START Records

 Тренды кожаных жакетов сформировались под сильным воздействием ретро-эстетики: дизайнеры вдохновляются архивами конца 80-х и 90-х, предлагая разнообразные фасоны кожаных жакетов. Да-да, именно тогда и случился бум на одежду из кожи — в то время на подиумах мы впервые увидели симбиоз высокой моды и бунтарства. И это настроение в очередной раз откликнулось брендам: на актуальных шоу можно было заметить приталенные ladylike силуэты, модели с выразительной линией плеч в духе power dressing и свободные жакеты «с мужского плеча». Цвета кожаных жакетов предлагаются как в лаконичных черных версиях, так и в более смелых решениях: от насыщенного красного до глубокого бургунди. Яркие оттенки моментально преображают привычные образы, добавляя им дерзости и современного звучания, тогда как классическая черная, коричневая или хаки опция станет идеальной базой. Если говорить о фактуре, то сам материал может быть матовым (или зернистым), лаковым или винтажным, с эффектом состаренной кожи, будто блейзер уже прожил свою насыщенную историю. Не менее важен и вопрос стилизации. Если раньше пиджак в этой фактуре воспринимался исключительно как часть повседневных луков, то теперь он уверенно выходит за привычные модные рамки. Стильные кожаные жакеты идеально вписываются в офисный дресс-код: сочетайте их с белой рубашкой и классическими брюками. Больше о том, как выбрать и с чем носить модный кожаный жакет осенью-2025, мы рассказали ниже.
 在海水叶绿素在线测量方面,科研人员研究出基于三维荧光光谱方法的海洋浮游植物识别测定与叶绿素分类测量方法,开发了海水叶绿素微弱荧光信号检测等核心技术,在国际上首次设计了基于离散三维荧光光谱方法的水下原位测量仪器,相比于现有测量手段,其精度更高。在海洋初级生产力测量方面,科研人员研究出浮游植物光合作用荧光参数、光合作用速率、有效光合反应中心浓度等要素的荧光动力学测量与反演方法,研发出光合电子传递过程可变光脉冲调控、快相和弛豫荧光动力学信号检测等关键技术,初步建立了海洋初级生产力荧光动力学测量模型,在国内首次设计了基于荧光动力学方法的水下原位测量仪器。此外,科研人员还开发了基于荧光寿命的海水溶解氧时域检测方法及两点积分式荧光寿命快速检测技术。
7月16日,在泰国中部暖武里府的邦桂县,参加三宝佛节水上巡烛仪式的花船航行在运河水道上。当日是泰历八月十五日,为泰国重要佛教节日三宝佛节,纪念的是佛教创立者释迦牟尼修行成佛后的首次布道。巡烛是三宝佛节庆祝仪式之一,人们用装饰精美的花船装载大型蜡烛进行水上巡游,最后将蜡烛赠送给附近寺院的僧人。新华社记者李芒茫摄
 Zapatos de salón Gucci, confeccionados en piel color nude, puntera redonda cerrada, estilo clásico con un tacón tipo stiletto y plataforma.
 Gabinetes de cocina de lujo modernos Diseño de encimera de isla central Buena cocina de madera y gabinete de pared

END Records
START Records

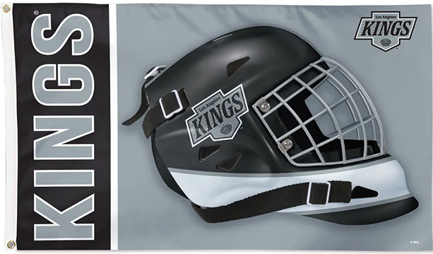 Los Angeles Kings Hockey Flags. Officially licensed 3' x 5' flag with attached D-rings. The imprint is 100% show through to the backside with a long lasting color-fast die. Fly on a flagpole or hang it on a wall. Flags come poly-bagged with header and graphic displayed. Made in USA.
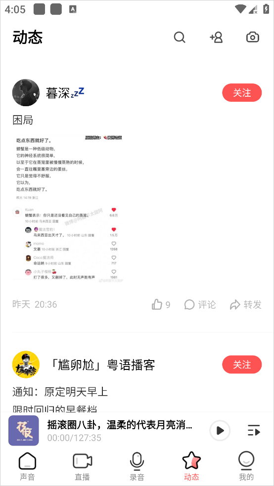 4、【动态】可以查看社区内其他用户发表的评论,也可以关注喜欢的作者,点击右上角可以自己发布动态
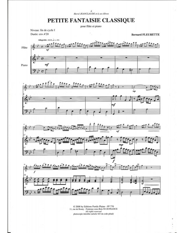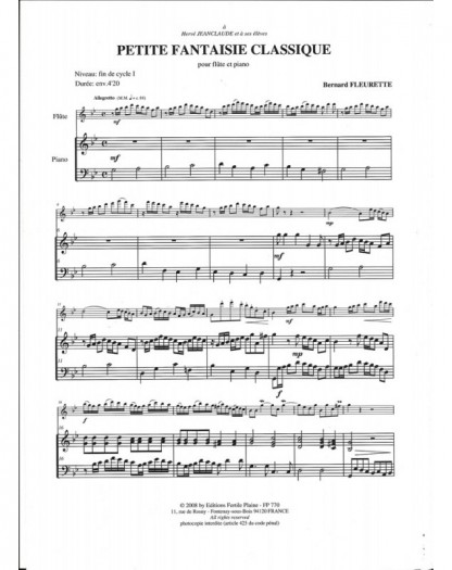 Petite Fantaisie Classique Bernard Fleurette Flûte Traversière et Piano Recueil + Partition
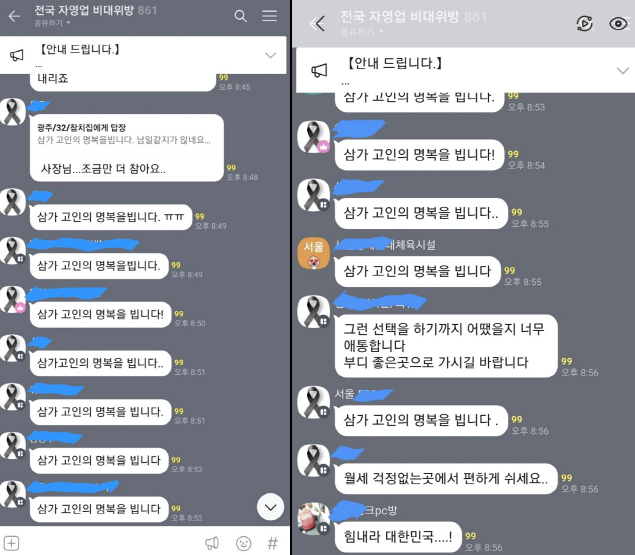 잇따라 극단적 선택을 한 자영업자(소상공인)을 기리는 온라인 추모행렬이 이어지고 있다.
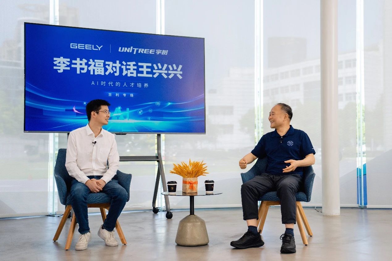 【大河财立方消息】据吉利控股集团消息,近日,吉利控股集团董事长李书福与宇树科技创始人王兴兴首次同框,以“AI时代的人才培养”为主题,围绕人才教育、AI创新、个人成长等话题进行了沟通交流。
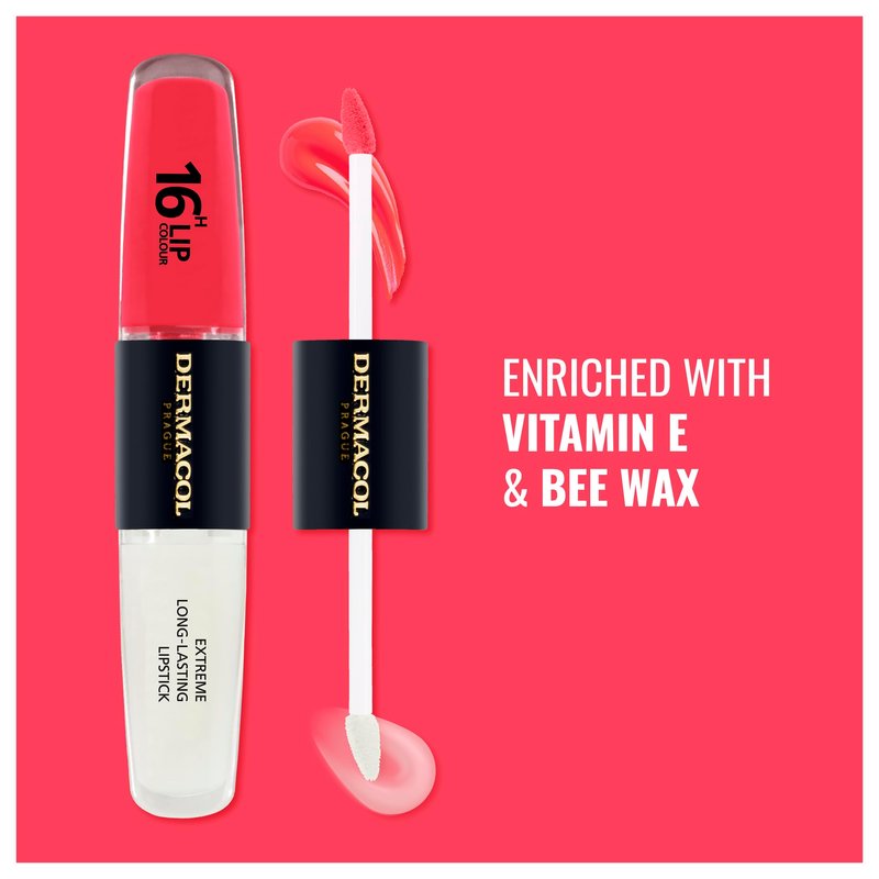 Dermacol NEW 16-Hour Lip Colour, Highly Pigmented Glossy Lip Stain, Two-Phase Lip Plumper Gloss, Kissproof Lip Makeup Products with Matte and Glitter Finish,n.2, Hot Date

END Records

- _Goal of the exercise_: Please copy, exactly and with nothing else, the lines above beginning at the line that has "7月16日,在泰国中部暖武里" and ending with the line that has "Gabinetes de cocina".

- _Result for this exercise_:
7月16日,在泰国中部暖武里府的邦桂县,参加三宝佛节水上巡烛仪式的花船航行在运河水道上。当日是泰历八月十五日,为泰国重要佛教节日三宝佛节,纪念的是佛教创立者释迦牟尼修行成佛后的首次布道。巡烛是三宝佛节庆祝仪式之一,人们用装饰精美的花船装载大型蜡烛进行水上巡游,最后将蜡烛赠送给附近寺院的僧人。新华社记者李芒茫摄
 Zapatos de salón Gucci, confeccionados en piel color nude, puntera redonda cerrada, estilo clásico con un tacón tipo stiletto y plataforma.
 Gabinetes de cocina de lujo modernos Diseño de encimera de isla central Buena cocina de madera y gabinete de pared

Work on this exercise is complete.